Unit tests for ori_adapter.py (regex scanner, JSONL output, error handling) — 22/22 pass in test_ori_adapter.py
Integration tests for sync_ori_graph.py (end-to-end sync with test Neo4j instance) — verified manually against live Neo4j (all 10 items [x])
Lefthook hook contract tests (shell-level) — verified manually (all 3 items [x])
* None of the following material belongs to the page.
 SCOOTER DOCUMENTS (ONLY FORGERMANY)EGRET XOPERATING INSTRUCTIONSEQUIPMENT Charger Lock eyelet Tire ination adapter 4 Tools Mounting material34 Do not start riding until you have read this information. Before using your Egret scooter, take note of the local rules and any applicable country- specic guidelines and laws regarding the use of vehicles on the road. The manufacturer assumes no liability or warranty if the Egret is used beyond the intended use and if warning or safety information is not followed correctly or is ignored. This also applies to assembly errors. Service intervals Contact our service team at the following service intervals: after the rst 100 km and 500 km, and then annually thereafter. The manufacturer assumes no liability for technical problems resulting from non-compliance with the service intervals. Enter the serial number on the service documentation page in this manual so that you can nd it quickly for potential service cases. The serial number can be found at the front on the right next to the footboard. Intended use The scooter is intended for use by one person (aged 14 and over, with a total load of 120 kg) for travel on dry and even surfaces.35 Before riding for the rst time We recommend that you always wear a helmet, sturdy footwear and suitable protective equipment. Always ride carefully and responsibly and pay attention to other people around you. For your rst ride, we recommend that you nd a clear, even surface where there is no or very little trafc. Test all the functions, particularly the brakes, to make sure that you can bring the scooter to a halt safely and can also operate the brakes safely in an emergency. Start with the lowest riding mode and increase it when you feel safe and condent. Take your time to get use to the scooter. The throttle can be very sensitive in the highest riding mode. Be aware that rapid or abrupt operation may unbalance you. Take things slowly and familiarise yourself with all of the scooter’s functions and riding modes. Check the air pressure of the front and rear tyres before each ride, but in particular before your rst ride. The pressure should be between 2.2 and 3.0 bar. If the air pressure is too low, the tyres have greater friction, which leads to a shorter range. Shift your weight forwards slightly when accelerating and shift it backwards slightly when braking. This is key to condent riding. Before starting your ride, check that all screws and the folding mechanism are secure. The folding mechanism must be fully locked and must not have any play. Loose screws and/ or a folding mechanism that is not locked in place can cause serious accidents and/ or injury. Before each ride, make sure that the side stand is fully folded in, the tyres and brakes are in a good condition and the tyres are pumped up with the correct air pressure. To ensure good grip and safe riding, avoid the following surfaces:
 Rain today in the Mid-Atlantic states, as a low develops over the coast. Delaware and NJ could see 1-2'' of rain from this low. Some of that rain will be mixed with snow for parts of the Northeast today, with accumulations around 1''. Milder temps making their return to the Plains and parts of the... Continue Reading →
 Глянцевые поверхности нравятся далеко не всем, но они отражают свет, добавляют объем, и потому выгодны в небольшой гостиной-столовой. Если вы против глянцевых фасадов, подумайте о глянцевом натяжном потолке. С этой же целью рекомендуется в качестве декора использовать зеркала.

Unit tests (~/projects/lang_intelligence/tests/test_ori_adapter.py):

test_extract_function_declaration — 5 tests: simple, pub, private, generic, multiline
test_extract_type_declaration — 3 tests: struct, sum, pub
test_extract_trait_declaration — 2 tests: simple, with supertrait
test_extract_impl_block — 2 tests: trait impl (with IMPLEMENTS rel), inherent impl
test_extract_import — 2 tests: relative path, module path
test_qualified_name_derivation — 3 tests: library, nested, compiler paths
test_signature_hash_body_independent — 2 tests: body change preserves, signature change differs
test_malformed_file_extracts_partial — extracts valid declarations around invalid syntax
test_empty_file_produces_file_meta_only — 2 tests: empty file, comment-only file

Integration tests (~/projects/lang_intelligence/tests/test_sync_ori_graph.py):

Lefthook contract tests (shell):

test_hook_noop_without_lang_intelligence — verified: -x test fails silently, <2ms
test_hook_captures_changed_files — verified: git diff-tree with compiler/library pathspecs
test_hook_skips_non_ori_commits — verified: plan-only commit produces empty CHANGED var
Subsection close-out (09.5):
- All tasks above are [x] and the subsection’s behavior is verified — 22 unit tests pass, integration verified manually
- Update this subsection’s status in section frontmatter to complete
- Retrospective 09.5: Unit tests run in 0.02s — fast enough for CI. Integration tests require live Neo4j so they stay manual. Property-based tests for the regex scanner would be nice but not warranted for 7 declaration types with known syntax. No tooling gaps.
- Repo hygiene check — diagnostics/repo-hygiene.sh --check: clean

09.R Third Party Review Findings

None.

09.N Completion Checklist

Exit Criteria: All integration tests pass against a live Neo4j instance. A commit to ori_lang triggers background sync, and the changed symbols appear in Neo4j within 5s. A --full rebuild produces identical graph state to a fresh bulk import. Parse failures during development do not corrupt the graph. The --health check correctly reports stale state when sync has not run.